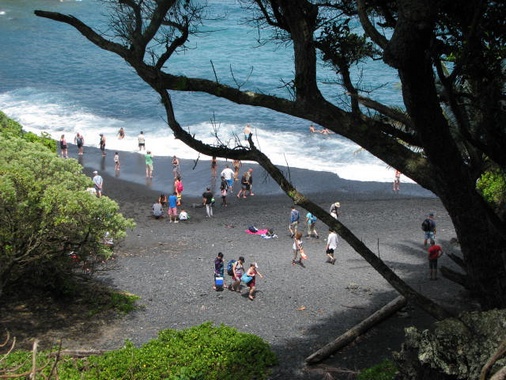 Today we did the road to Hana. We made it to hana and continued to the end, which was the 7 sacred pools and then headed back the way we came, which is the only way back. The road to Hana goes through a rainforest and is narrow and windy. It has somthing like 600+ turns and 50+ one lane bridges each way. Made for a long day, almost like snowmobiling in southern New Hampshire going through the villages. Along the way we stopped on Keanae pennisula and saw the waves crashing into the lava rocks- impressive Geni: The road to Hana is a big tourist attraction. We were lucky that we weren't fogged or rained out and actually made it all the way. Along the way, the roads had so many turns and so many one way bridges and roads which were a bit nerve wracking. it is also a bit claustraphobic because it is the only road to get back and forth. We had a GPS tour guide who advised us along the way, and he remarked that if there was a way to make the road better, the road to Hana would not be such an attraction. We agreed, because when all is said and done, we weren't sure if it was worth it. But we were glad we did it! |
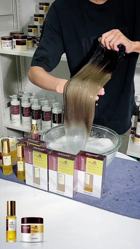 Унікальна формула поєднує рідкісну есенцію маку з технологією активного випаровування та проникнення колагену Karseell. Надає активуючу енергію від кореня до кінчика, відновлює волокно волосся та заповнює порожнини волосин, роблячі їх зволоженими, гладкими та блискучими. Пористі та ламкі пасма стануть м'якими, гладкими та еластичними, набудуть здорового блиску та шовковистості.Не втрачайте можливість придбати набір для догляду за волоссям Karseell Original та зробити собі прекрасний подарунок — волосся своєї мрії.
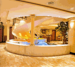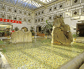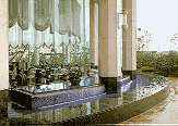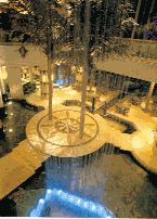 建築庭院空間中水的光影有三種變化:一是水面本身的波光,二是利用室內池水中天棚燈光的倒影成景,三是波光的反射,這是水面獨有的特性。 |
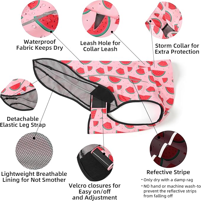 Mile High Life Dog Raincoat, Adjustable Waterproof Reflective Rain Jacket for Small Medium Large Dogs, Lightweight Breathable Pet Rain Coat with Leash Hole(Pink Watermelon,XS Chest 17-23")
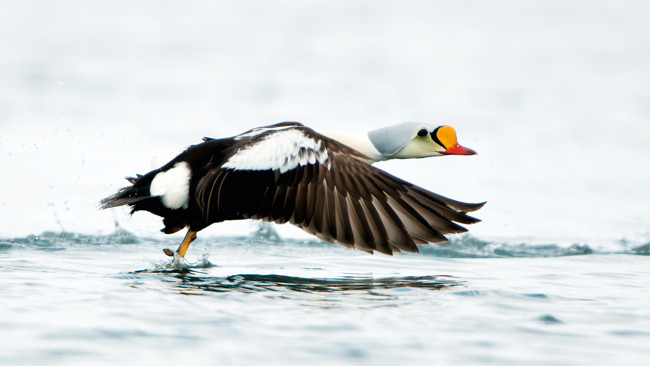 Under större delen av året håller praktejdern till i marina miljöer, men under sommarmånaderna syns den häcka på den arktiska tundran. Under en resa till Svalbard har du goda chanser att få se denna karakteristiska fågel som ingår i släktet änder. Den syns ofta i fjordarna under tidig säsong, innan isen har släppt taget om tundran och öarna. Hannen utmärker sig med sin omisskänneliga klarorangea näbbknöl i pannan och korallröda näbb, medans honan påminner mycket om den vanliga ejdern men ger ett lite snällare intryck med sina uppåtgående mungipor.
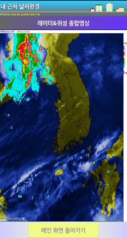 -Sul lato sinistro, vengono mostrate un'immagine composita radar e satellitare e un'immagine di distribuzione spaziale della polvere ultra-fine, e quando viene toccata viene ingrandita su tutto lo schermo.
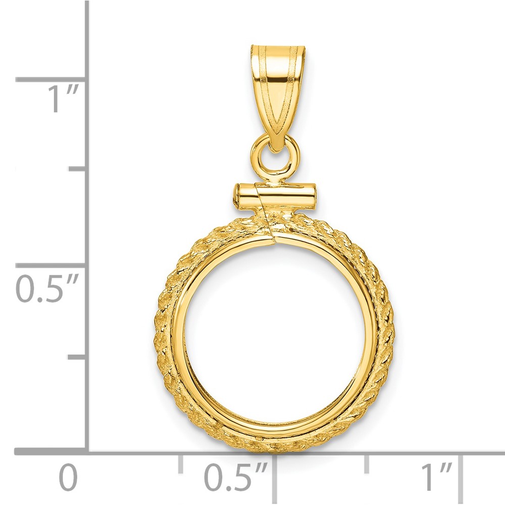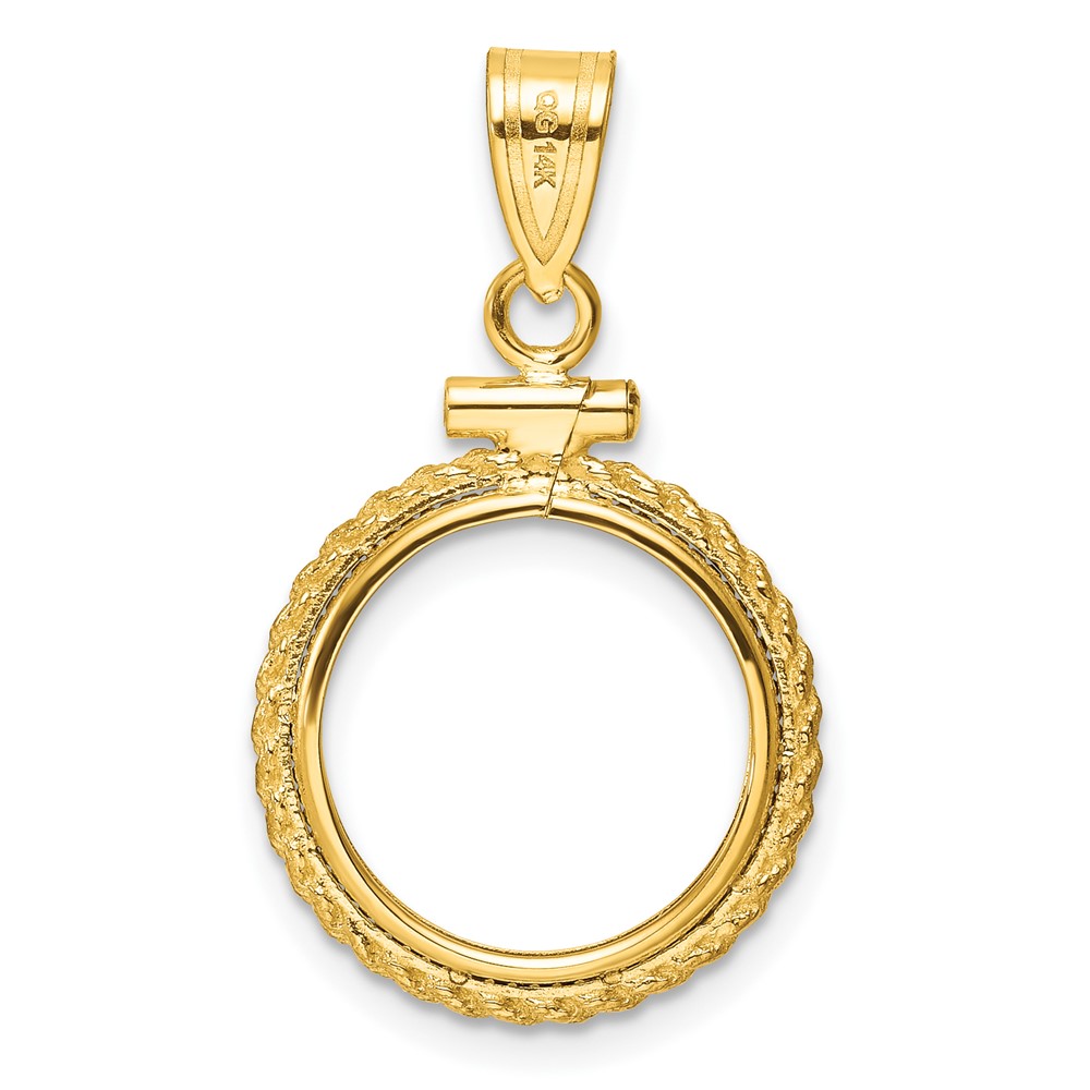 Wideband Distinguished Coin Jewelry 14k Polished Casted Rope 14.0mm x 1.1mm Screw Top Coin Bezel Pendant

Task directions: Repeat all of the entries above exactly. Keep pictures out of it.

Reply:
 Today we did the road to Hana. We made it to hana and continued to the end, which was the 7 sacred pools and then headed back the way we came, which is the only way back. The road to Hana goes through a rainforest and is narrow and windy. It has somthing like 600+ turns and 50+ one lane bridges each way. Made for a long day, almost like snowmobiling in southern New Hampshire going through the villages. Along the way we stopped on Keanae pennisula and saw the waves crashing into the lava rocks- impressive Geni: The road to Hana is a big tourist attraction. We were lucky that we weren't fogged or rained out and actually made it all the way. Along the way, the roads had so many turns and so many one way bridges and roads which were a bit nerve wracking. it is also a bit claustraphobic because it is the only road to get back and forth. We had a GPS tour guide who advised us along the way, and he remarked that if there was a way to make the road better, the road to Hana would not be such an attraction. We agreed, because when all is said and done, we weren't sure if it was worth it. But we were glad we did it! |
 Унікальна формула поєднує рідкісну есенцію маку з технологією активного випаровування та проникнення колагену Karseell. Надає активуючу енергію від кореня до кінчика, відновлює волокно волосся та заповнює порожнини волосин, роблячі їх зволоженими, гладкими та блискучими. Пористі та ламкі пасма стануть м'якими, гладкими та еластичними, набудуть здорового блиску та шовковистості.Не втрачайте можливість придбати набір для догляду за волоссям Karseell Original та зробити собі прекрасний подарунок — волосся своєї мрії.
 建築庭院空間中水的光影有三種變化:一是水面本身的波光,二是利用室內池水中天棚燈光的倒影成景,三是波光的反射,這是水面獨有的特性。 |
 Mile High Life Dog Raincoat, Adjustable Waterproof Reflective Rain Jacket for Small Medium Large Dogs, Lightweight Breathable Pet Rain Coat with Leash Hole(Pink Watermelon,XS Chest 17-23")
 Under större delen av året håller praktejdern till i marina miljöer, men under sommarmånaderna syns den häcka på den arktiska tundran. Under en resa till Svalbard har du goda chanser att få se denna karakteristiska fågel som ingår i släktet änder. Den syns ofta i fjordarna under tidig säsong, innan isen har släppt taget om tundran och öarna. Hannen utmärker sig med sin omisskänneliga klarorangea näbbknöl i pannan och korallröda näbb, medans honan påminner mycket om den vanliga ejdern men ger ett lite snällare intryck med sina uppåtgående mungipor.
 -Sul lato sinistro, vengono mostrate un'immagine composita radar e satellitare e un'immagine di distribuzione spaziale della polvere ultra-fine, e quando viene toccata viene ingrandita su tutto lo schermo.
 Wideband Distinguished Coin Jewelry 14k Polished Casted Rope 14.0mm x 1.1mm Screw Top Coin Bezel Pendant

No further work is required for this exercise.